Yeah, my first recommendation is don't worry about that. I'm willing to bet that you're not creating a constant program or SEO program and saying you want to rank in position 10. But if that is a scenario you want to think about, then I'd recommend in this tab change these estimated clickthrough rates to what you might see for, I don't know how updated this is, but what the clickthrough rate might be in position 9 or 10. It doesn't look like. So 10 might be a 1.5% clickthrough rate. Looks like these might have been updated recently. So I would change those assumptions.

If you're talking about blended averages, that's where it gets complicated. If you're saying, if these keyword rank in position two, these rank in position three, these in four, that adds layers of complexity. What I would recommend, and what I would do for myself, is just choose one that's like the average.

So let's say on average, yeah, we're going to rank on position two for some keywords or three, some keywords might be position 20, some are position 11. Let's say on average we're in position six or seven. That makes the calculation significantly easier versus, as I mentioned in the beginning, you don't want to spend a bunch of time thinking about all those different blended rankings. You want to have some simple model to give you an idea of what that opportunity is.

So I hope that's helpful. I know I didn't answer your question directly, but that's one of those things where I've gotten these questions from C levels and VPs and I'm like, "I hear where you're coming from. Very valid responses, not going to change the model very much. It might help us get a bit more accurate, but there's no perfect model, so what are we trying to optimize for?"


Gotcha. That's helpful. And then Bernard has a question from the early part that I skipped over. How do you account for featured snippet and ads for CTR estimations?


I have not accounted for those here. So that's a good question. Yeah, What do you think, Bernard? I mean, I think featured snippets, sometimes there's not even a click on those, right?


Yeah, I feel like overall organic clickthrough rates are so dependent on just the actual screen real estate that's given to the SERP. And I think there's maybe some creative ways that you could fetch that data through Ahrefs where organic search visibility, I think, is a percentage or a metric that they give. And I could see how that could factor into something that you might put into your model.


Yeah. So do you think the presence of additional featured snippets might... This is a leading question. My assumption is it would decrease the click due rate.




Yes. So I don't know what sort of buffer you would add or folks might want to add, but maybe 43% for position one isn't reasonable. Maybe it's more like 30. I think a couple years ago it was close to a 30, but seems like the... Oh, this is actually 26 now. This is changing every couple months. So keep an eye on this stuff if you're building out these models.


And then we have another question from Andrea. Does the model calculate only search volumes or can traffic potential come into play? I think they're asking, we're seeing some low volume keywords bringing a much higher traffic than expected by the volume.

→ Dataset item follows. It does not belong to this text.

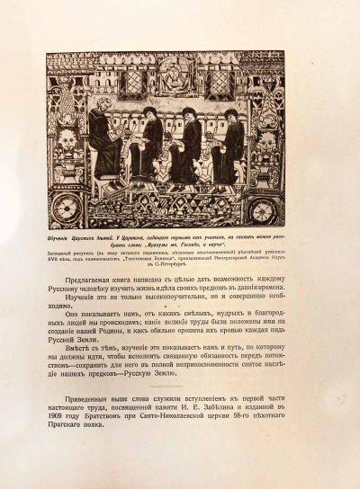 Автор, следуя пожеланию Николая II, украшает это издание многочисленными рисунками — как воспроизведениями с исторических картин современных ему русских художников, так и снимками с древних икон, рукописей, со стенописи храмов, старинных зданий, оружия и разного рода утвари. Подробно разбирая прошлое России и ее значение среди остальных государств, автор совершенно соглашается со взглядами на будущность русской земли, высказанными в начале XVI века старцем Елизарова монастыря Филофеем: «Два убо Рима падоша, а третий стоит, а четвертому не быти».

Yeah, that goes into the whole low to no search volume keyword thing, which is, that can be a whole different conversation. So Andrea, I'd say I don't have a good answer to that. What I might even say is if Ahrefs is saying that it has 10 search monthly searches per month, but you're seeing a hundred visits per month, those are going to be things that you'll have to make a judgment call on. And it's not a good answer, I'll be honest. But it's one of those things where all those tools, I use keywords everywhere as well. And search volume on that is drastically inflated compared to a Ahrefs, so I use Ahrefs because it's conservative. But it'll say a lot of keywords don't have search volume when in reality they do. So I'm not sure what your situation looks like, Andrea, but that might be something where you might assume, if Ahrefs says there's no search volume, you might just say, "Okay, I know Ahrefs says this, I'm going to assume it's a hundred searches per month." And build that into your model.


Awesome. Super helpful.


I've had a similar situation where earlier on in my career I said to a client like, "Oh, I see you're raking for this keyword, but it has zero searches." And he said, "Actually, we do get traffic and it's our number one lead gen page." And I was like, "Oh, I sound like an idiot now." So I don't make any assumptions on this things now.


Awesome. But I have to run a couple minutes. Definitely thank you for your time and we'll drop in the model and chat if you want to make a copy of that. And we'll send out the recording, plus the model, plus the slides tomorrow and then also a link to David's calendar in case you wanted to grab some time with him to kind of walk through the model. But David, anything else you wanted to share before we give everybody time back of their day?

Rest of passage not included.